On October 24, 2001, a fourteen-story scaffold, which was being used to replace a brick facade on a building in New York City, collapsed. The result: five workers were killed and 11 others seriously injured. Although the facts and circumstances surrounding this tragedy have yet to be determined, one observation seems particularly relevant: scaffold being used in a masonry application presents unique challenges for the "competent person" and those under his authority.

The Occupational Safety and Health Administration (OSHA) has strict regulations concerning the proper assembly and usage of masonry scaffolds. Unfortunately, the erector and/or laborer often perceive certain components as unnecessary or too expensive to rent or buy. The result is a scaffold that does not comply with the OSHA standards.

Whether you are renting extra sections for a big job, buying new or used equipment, or just inventorying your existing equipment, there are numerous areas of compliance that should be checked to be certain you have all the necessary components to satisfy OSHA.

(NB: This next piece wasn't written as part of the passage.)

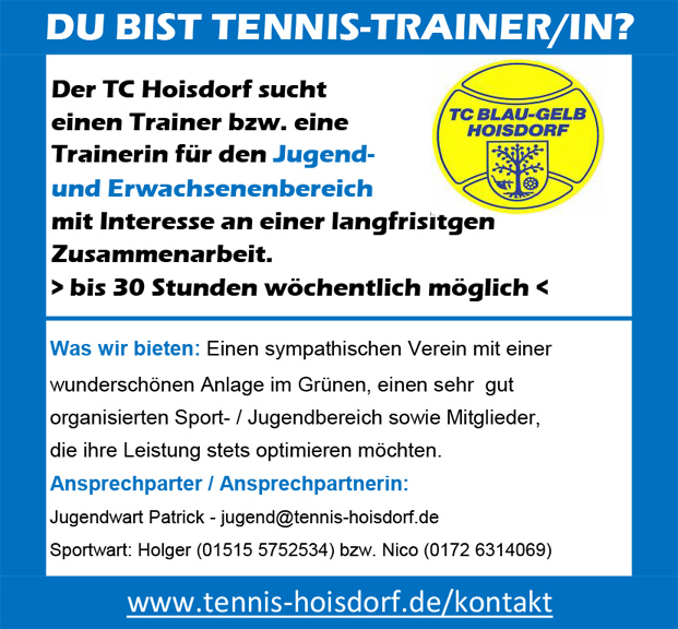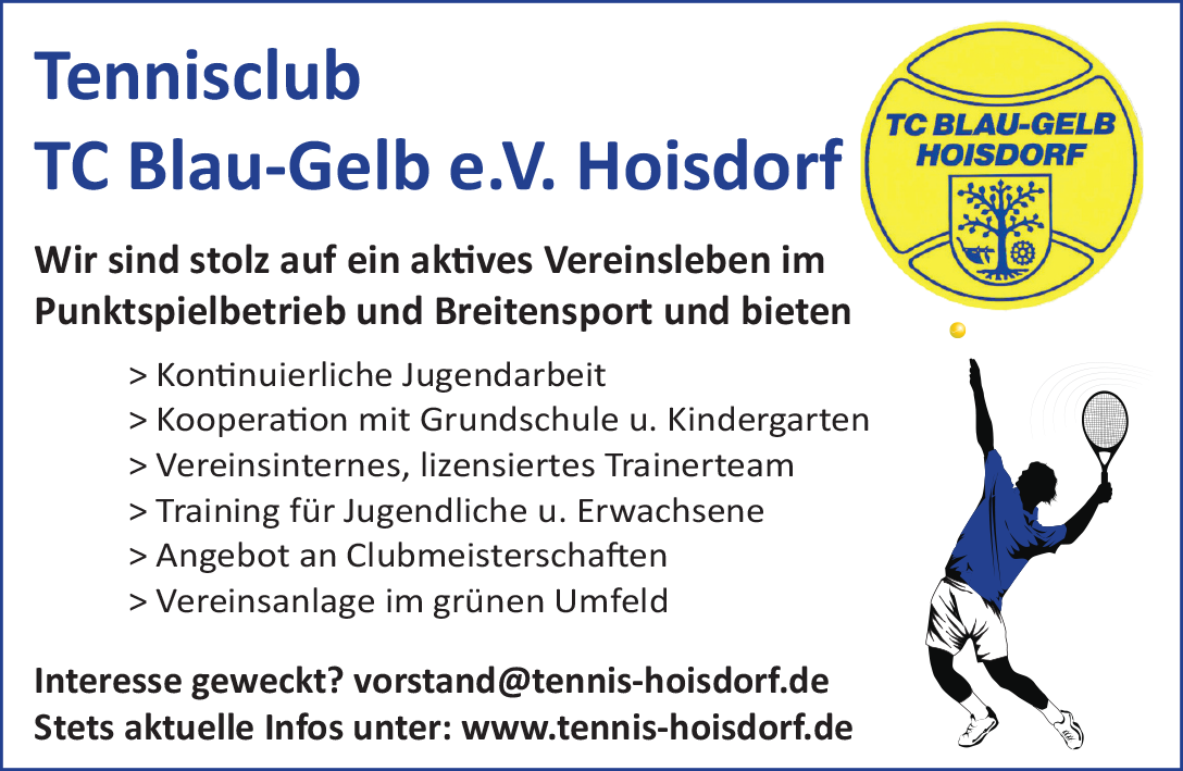 Mit der „Anzeige“ ist eigentlich alles gesagt. Wer für sich und / oder seine Kinder noch auf der Suche nach der richtigen Sportart ist oder bereits weiß, dass es Tennis sein wird, meldet sich einfach bei uns! Regelmäßige Infos gib es neben unserer website auch über unseren Instagram-Account tc_blaugelb_hoisdorf

The most commonly "forgotten" scaffold components are:

Base Plates and Mud Sills: Base plates and mud sills are required on all scaffolds. Also, the surface on which the mud sills are placed must be capable of supporting the loaded scaffold without settling. In some cases it may be necessary to compact the soil before setting up the scaffold.

Scaffold Ties: The first tie must be installed at the horizontal member of the frame closest to the 4:1 base to height ratio. In other words, if you are utilizing 5-feet wide frames, the first tie should be installed at the horizontal member of the frame as close to the 20-feet height as possible. After the initial tie is installed, subsequent ties must be installed at height intervals not to exceed 26 feet. Also, ties must be installed at each end of the scaffold and at horizontal intervals not to exceed 30 feet. All ties should be capable of withstanding a "push" or "pull" force of 2,500 pounds. Additional ties may be necessary when enclosing a scaffold or when the scaffold is subject to high winds. If in doubt, always review your scaffold set-up plans with a professional engineer prior to beginning the set-up.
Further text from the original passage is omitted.